(Items from a data source)
____

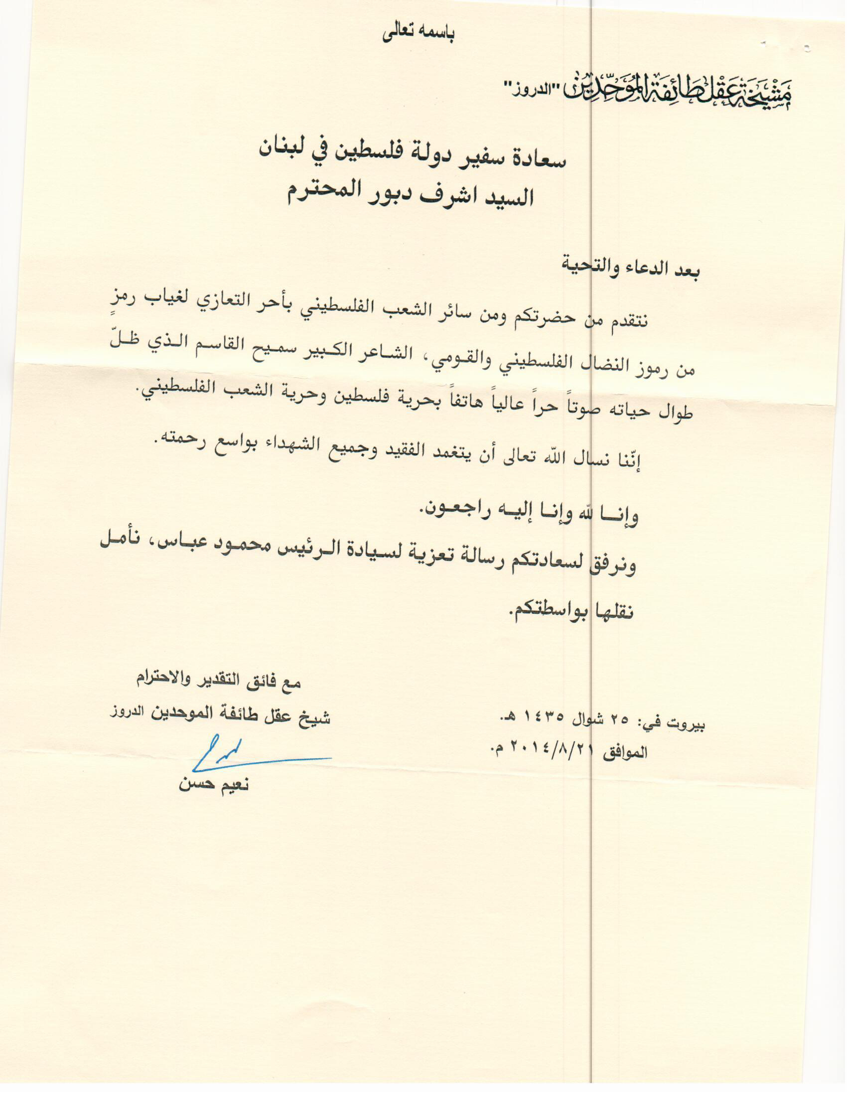 قدم شيخ عقل طائفة الموحدين الدروز نعيم حسن التعازي للسفير الفلسطيني في لبنان اشرف دبور، برحيل الشاعر الفلسطيني سميح القاسم.
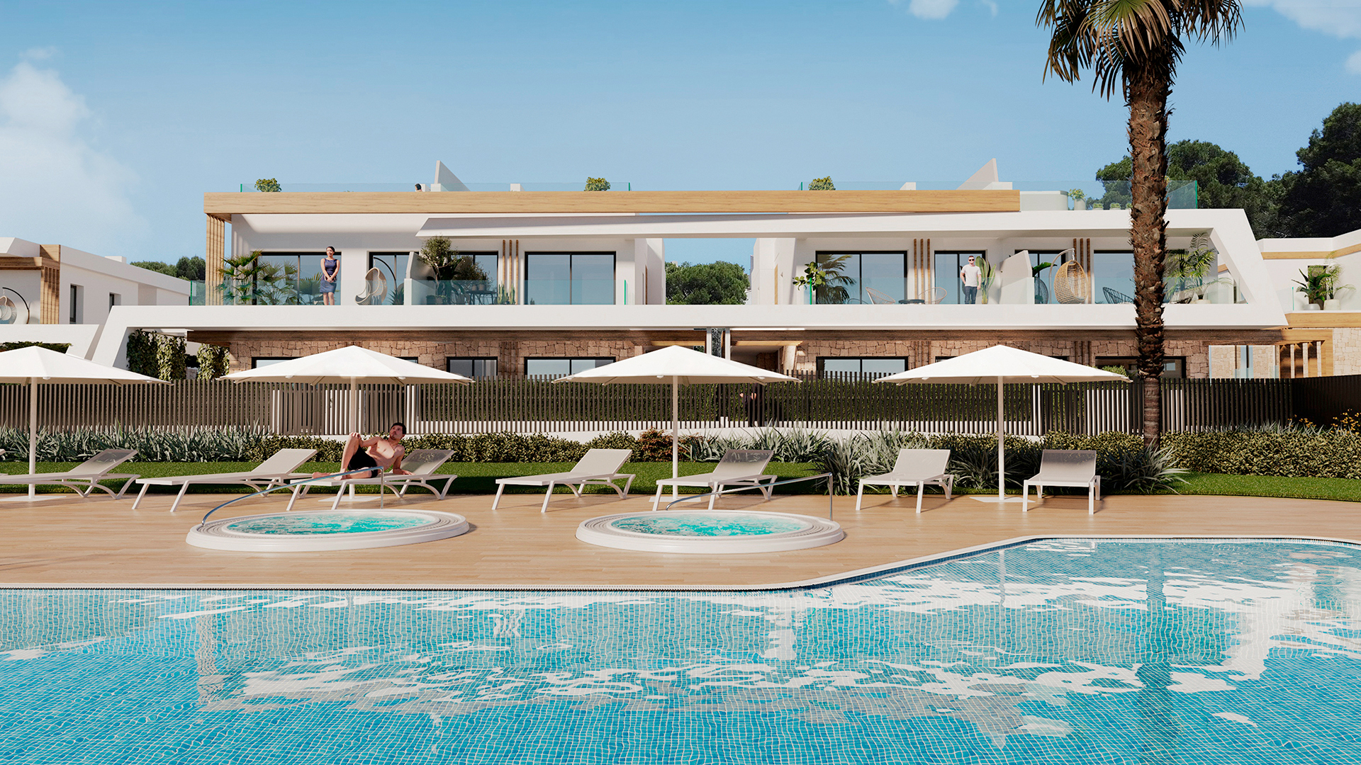 El lumo de Cala Ratjada bietet eine Vielfalt an Wohnmöglichkeiten, die sich Ihren individuellen Bedürfnissen anpassen. Von Doppelhaushälften mit 3 Schlafzimmern und 3 Bädern bis hin zu Doppelhaushälften mit 3 Schlafzimmern, 4 Bädern und einem Keller, sowie Apartments mit 2 Schlafzimmern und 2 Bädern – hier findet jeder sein Traumdomizil. Die Anlage zeichnet sich nicht nur durch exklusive Wohnräume aus, sondern bietet auch beeindruckende Gemeinschaftsbereiche mit Swimmingpool, Whirlpools und Ruhebereichen.
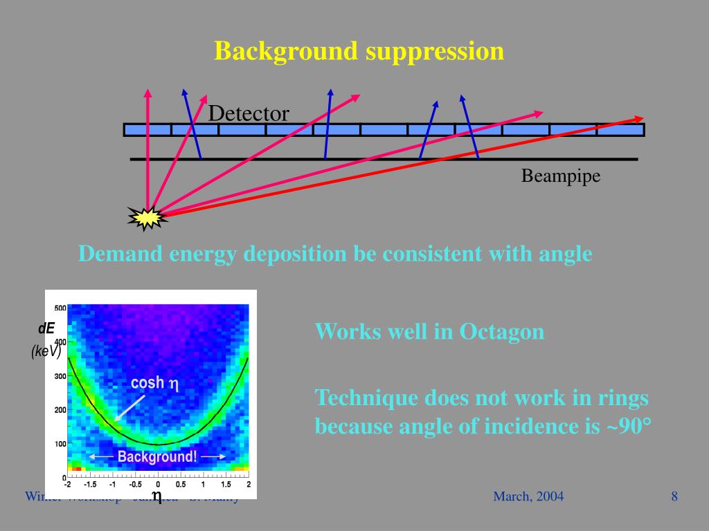 Detector Beampipe dE (keV) cosh h Background! h Background suppression Demand energy deposition be consistent with angle Works well in Octagon Technique does not work in rings because angle of incidence is ~90 Winter Workshop - Jamaica - S. Manly
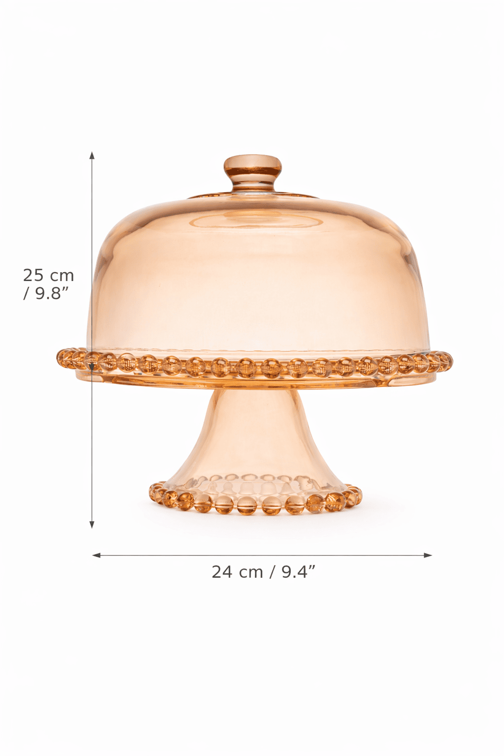 • Elegant amber-tinted glass cake stand with matching dome
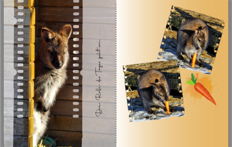 ich möchte die Idee wieder aufleben lassen und stelle einfach mal eine kreative Aufgabe. Be creative! Haben Sie schon einmal eine Fotoausstellung besucht? Trauen Sie sich an diese Aufgabe und gestalten Sie eine Doppelseite mit Rahmen aus der Kategorie "Film" ODER Bildern im Polaroid-Stil. Hängen Sie die Screenshots bitte diesem Beitrag an. Hier mal mein Beispiel dazu: Bin gespannt auf viele kreative Vorschläge. Viele Grüße CSSky
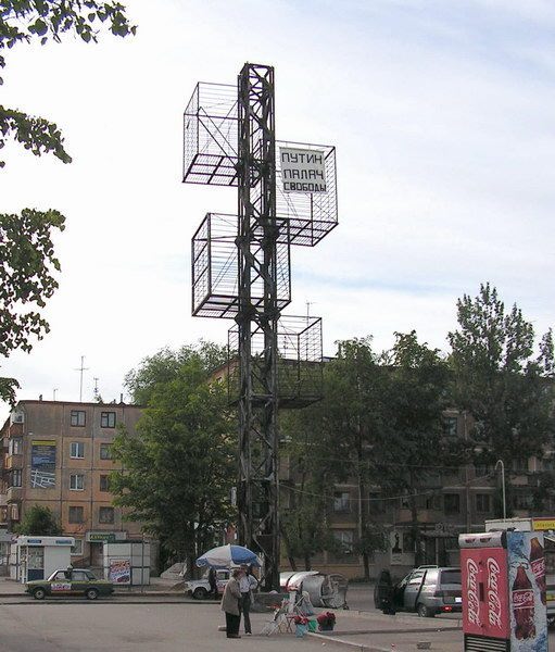 Сегодня, в день независимости России неизвестно от кого (может от Грузии?), в городе Пскове неизвесные вывесили плакат: "Путин - палач свободы"
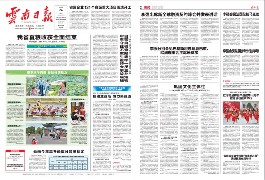 《云南日?qǐng)?bào)》是一份地方性的報(bào)紙,屬于中國(guó)云南省,它是一個(gè)有著良好聲譽(yù)的報(bào)紙,是新聞報(bào)道、經(jīng)濟(jì)分析和文化發(fā)展的權(quán)威,是云南省日?qǐng)?bào)的代表,是一份高品質(zhì)、高影響的新聞媒體,深受云南讀者的信任和喜愛。
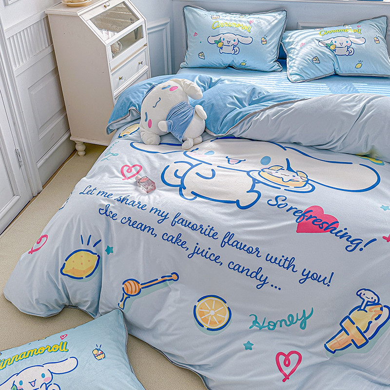 当前位置: 91家纺网 > 商品网购 > 床品套件 > 四件套 > 宝宝绒四件套 > 蘭菲家纺 2023新款宝宝绒卡通印花四件套及单品 圆宝
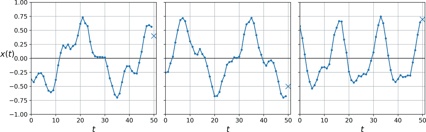 假设你在研究网站每小时的活跃用户数,或是所在城市的每日气温,或公司的财务状况,用多种指标做季度衡量。在这些任务中,数据都是一个序列,每步有一个或多个值。这被称为时间序列。在前两个任务中,每个时间步只有一个值,它们是单变量时间序列。在财务状况的任务中,每个时间步有多个值(利润、欠账,等等),所以是多变量时间序列。典型的任务是预测未来值,称为“预测”。另一个任务是填空:预测(或“后测”)过去的缺失值,这被称为“填充”。例如,图 15-6 展示了 3 个单变量时间序列,每个都有 50 个时间步,目标是预测下一个时间步的值(用X表示)。
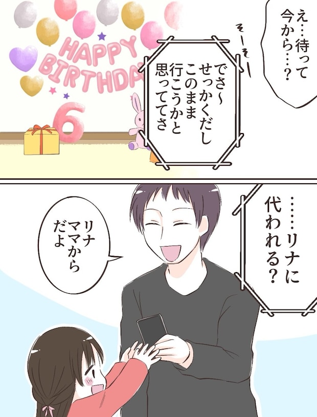 「え・・・待って、今から?」私は飾り付けた部屋に目を向けます。せっかく準備したのに、今からテーマパークなんて行ったらお誕生日会ができなくなってしまう・・・。しかし、タイキはそんな私の心情も知らず「でさ、せっかくだしこのまま行こうかと思っててさ」と言いました。私は、リナがどうしたいのかを本人の口から聞くために、電話を代わってもらうことにしました。
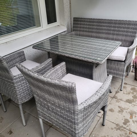 Polyrottinkinen ulkosohva, 2 tuolia ja sohvapöytä lasikannella. Väri musta. Sohvassa korkea selkänoja ja käsinojat molemmin puolin. Sohvapöydässä alataso säilytykseen ja päällä irrotettava lasikansi. Sopii terassille, parvekkeelle tai puutarhaan ulkokalustesetiksi.
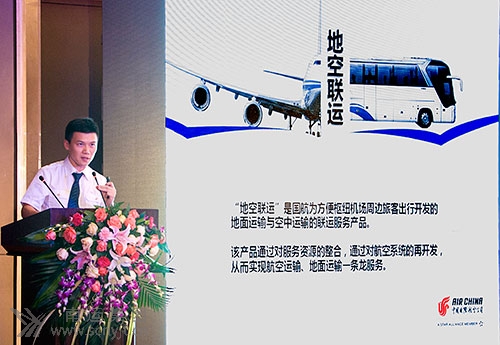 中國(guó)國(guó)際航空公司工作人員介紹國(guó)航-重慶機(jī)場(chǎng)地空聯(lián)運(yùn)產(chǎn)品
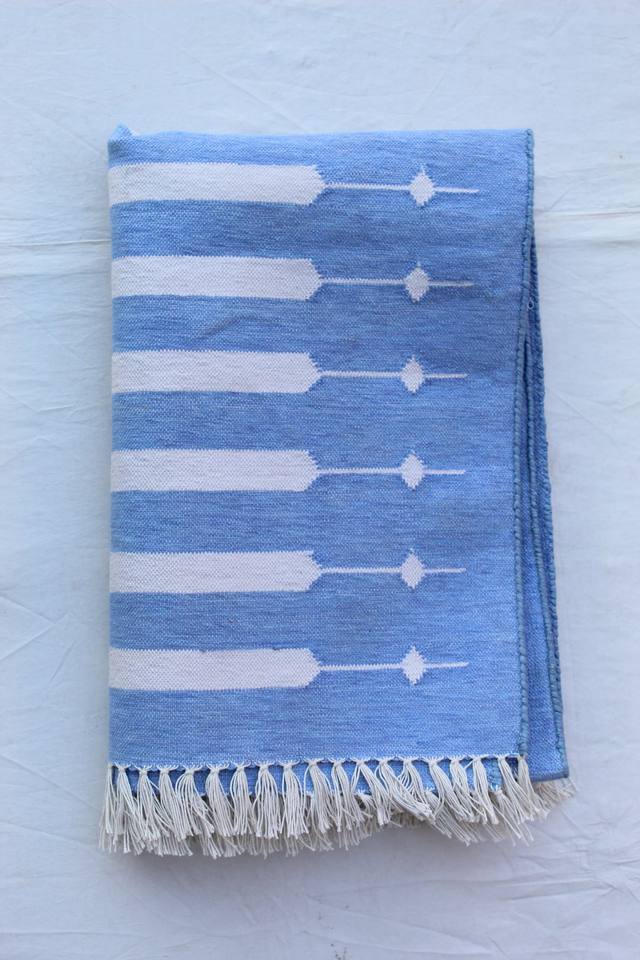 Azul Blanco 4x6 pies de algodón tejido a mano Dhurrie alfombra artesanal indio hecho trenzado técnica geométrica Zig Zag patrón lavable conjunto de alfombras
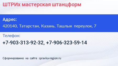 ШТРИх, мастерская штанцформ по адресу 420140, Татарстан, Казань, Ташлык переулок, 7 в дальнейшем Организация, размещена в следующих категориях:

____

What the exercise asks: The result is an exact copy of the lines from the one holding "Сегодня, в день" through the final line of the data above, both ends included, minus the pictures.

Result for this task:
 Сегодня, в день независимости России неизвестно от кого (может от Грузии?), в городе Пскове неизвесные вывесили плакат: "Путин - палач свободы"
 《云南日?qǐng)?bào)》是一份地方性的報(bào)紙,屬于中國(guó)云南省,它是一個(gè)有著良好聲譽(yù)的報(bào)紙,是新聞報(bào)道、經(jīng)濟(jì)分析和文化發(fā)展的權(quán)威,是云南省日?qǐng)?bào)的代表,是一份高品質(zhì)、高影響的新聞媒體,深受云南讀者的信任和喜愛。
 当前位置: 91家纺网 > 商品网购 > 床品套件 > 四件套 > 宝宝绒四件套 > 蘭菲家纺 2023新款宝宝绒卡通印花四件套及单品 圆宝
 假设你在研究网站每小时的活跃用户数,或是所在城市的每日气温,或公司的财务状况,用多种指标做季度衡量。在这些任务中,数据都是一个序列,每步有一个或多个值。这被称为时间序列。在前两个任务中,每个时间步只有一个值,它们是单变量时间序列。在财务状况的任务中,每个时间步有多个值(利润、欠账,等等),所以是多变量时间序列。典型的任务是预测未来值,称为“预测”。另一个任务是填空:预测(或“后测”)过去的缺失值,这被称为“填充”。例如,图 15-6 展示了 3 个单变量时间序列,每个都有 50 个时间步,目标是预测下一个时间步的值(用X表示)。
 「え・・・待って、今から?」私は飾り付けた部屋に目を向けます。せっかく準備したのに、今からテーマパークなんて行ったらお誕生日会ができなくなってしまう・・・。しかし、タイキはそんな私の心情も知らず「でさ、せっかくだしこのまま行こうかと思っててさ」と言いました。私は、リナがどうしたいのかを本人の口から聞くために、電話を代わってもらうことにしました。
 Polyrottinkinen ulkosohva, 2 tuolia ja sohvapöytä lasikannella. Väri musta. Sohvassa korkea selkänoja ja käsinojat molemmin puolin. Sohvapöydässä alataso säilytykseen ja päällä irrotettava lasikansi. Sopii terassille, parvekkeelle tai puutarhaan ulkokalustesetiksi.
 中國(guó)國(guó)際航空公司工作人員介紹國(guó)航-重慶機(jī)場(chǎng)地空聯(lián)運(yùn)產(chǎn)品
 Azul Blanco 4x6 pies de algodón tejido a mano Dhurrie alfombra artesanal indio hecho trenzado técnica geométrica Zig Zag patrón lavable conjunto de alfombras
 ШТРИх, мастерская штанцформ по адресу 420140, Татарстан, Казань, Ташлык переулок, 7 в дальнейшем Организация, размещена в следующих категориях:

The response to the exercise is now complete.